The catch here, however, is that investors have been rather intransigent themselves of late. Part of the problem for ESG is that people like me and Vivek Ramaswamy (and Rupert Darwall and Richard Morrison and Andrew Stuttaford and Russell Greene and Will Hild and countless others) exposed the political nature of the project, inspiring a (justifiably) political response. The bigger part of the problem, however, is that the ESG rhetoric never matched the reality, and when the central banks removed the free-money trough, ESG was exposed as a lower-return investment strategy and, more to the point, part of the Galbraith-ian good-times bezzle. And so, for the last two years-plus, American and, increasingly, British investors have been telling ESG and its advocates to go take a long walk off a small glacier.

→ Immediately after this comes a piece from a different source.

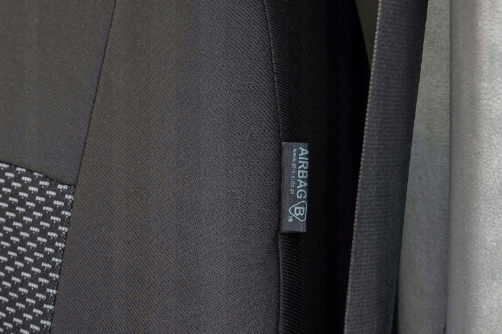 Комфортный сериал изготовлен из высококачественной обивки в темно -сером/графите . Материал (100% полиэфир) ламинирован с 3 -миллиметровой полиуретановой пеной и подкладкой, предотвращает крышки и раздавливание крышек, а его гибкость позволяет очень хорошо посадить сиденья. Передние сиденья были сшиты в две части - отдельно на сиденье и отдельно на спинке (если только дизайн кресла не предотвратит его) - обложки первого ряда не загружаются во время использования. На передних сиденьях был включен шов подушек безопасности (сертификат пимота)
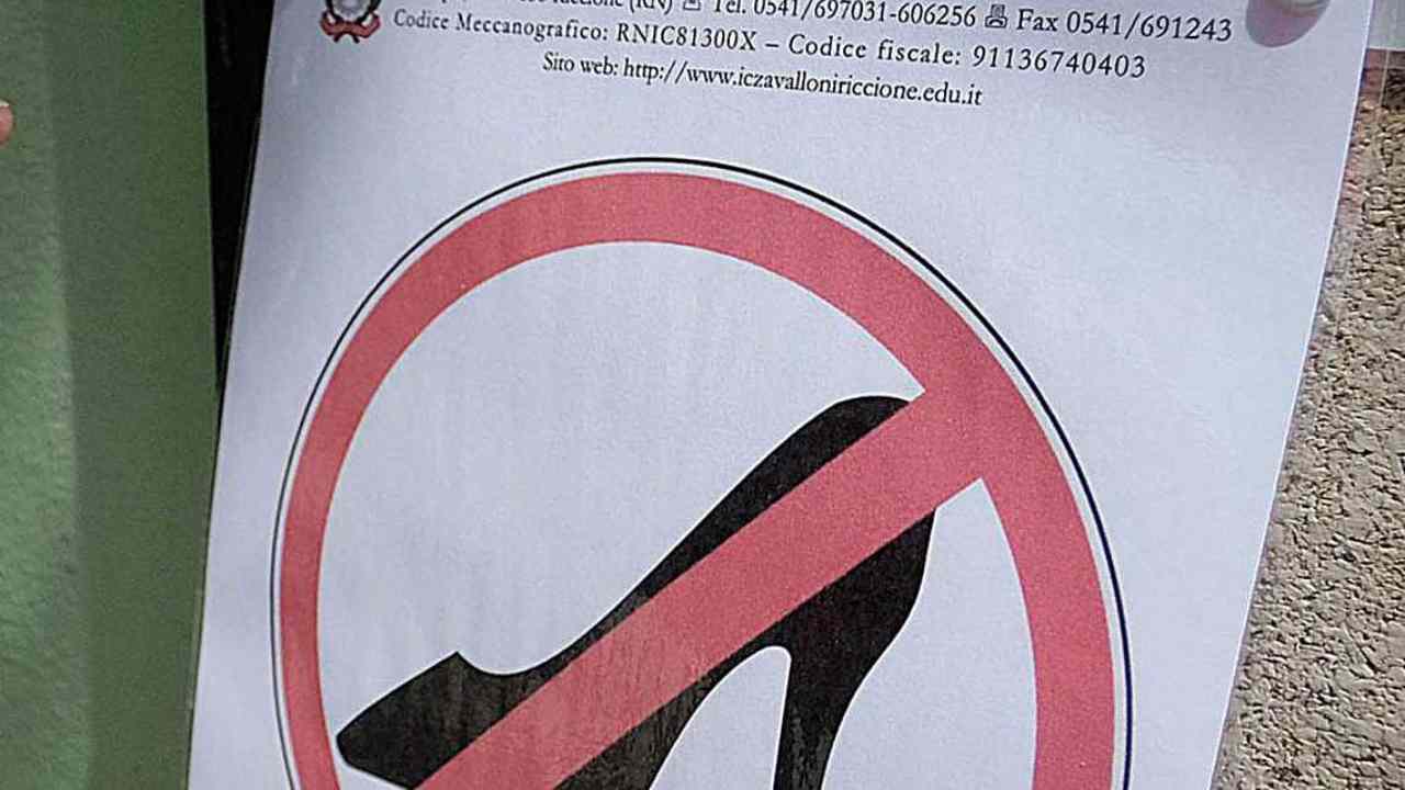 In un istituto comprensivo, lo Zavalloni di Riccione, hanno affisso un cartello di divieto di tacchi. Il dirigente scolastico, Nicola Tontini, dopo 6 anni ha scelto di inserire il suddetto divieto tra le prescrizioni per lo staff della scuola. «Nessun tentativo di censurare le insegnanti, le collaboratrici scolastiche, le madri. Nessuna imposizione modaiola. Ma solo il frutto di una serie di considerazioni pratiche: la scuola è popolata anche da lavoratori, collaboratori, insegnanti, e quel cartello è per ricordare che ci sono anche dei pericoli, e non avere calzature adeguate può comportare problemi».

The statement by Oliver Bäte at Davos is important because it quite clearly shows the direction ESG will take in this new environment. When he tells governments to be honest with their citizens and to tell them the “truth,” he is shifting the balance of power and responsibility for “sustainability” back to government and away from private businesses. He is conceding that the ESG project was too clever by half, that it was never going to be as easy to fool all of the people some of the time as he and its other advocates had hoped. He is admitting that ESG needs the power of government (with its Weberian monopoly on the legitimate use of physical force) to achieve what its low-key coercion tactics could not achieve on their own. In essence, he is declaring an end to the corporatocratic stage of ESG and inaugurating the corporatist stage.
Three years ago, Tariq Fancy, the former director of sustainable investment for BlackRock, famously derided ESG, calling it a “dangerous placebo.” Fancy insisted that the goals that ESG’s earnest believers wanted to achieve would always be impossible without the forceful intervention of governments. The difference between what Fancy declared in 2021 and what Oliver Bäte said in Davos earlier this week is that Fancy also conceded that ESG is a scam, little more than a marketing scheme. Bäte makes no such concession. Rather, he demands that governments – elected to do “the right things” – enforce the marketing schemes that have made him and Larry Fink quite wealthy and have made Klaus Schwab quite famous.
There is indeed a disconnect between the elites and the people. But Oliver Bäte, bless his heart, has no idea which side of that disconnect he is really on.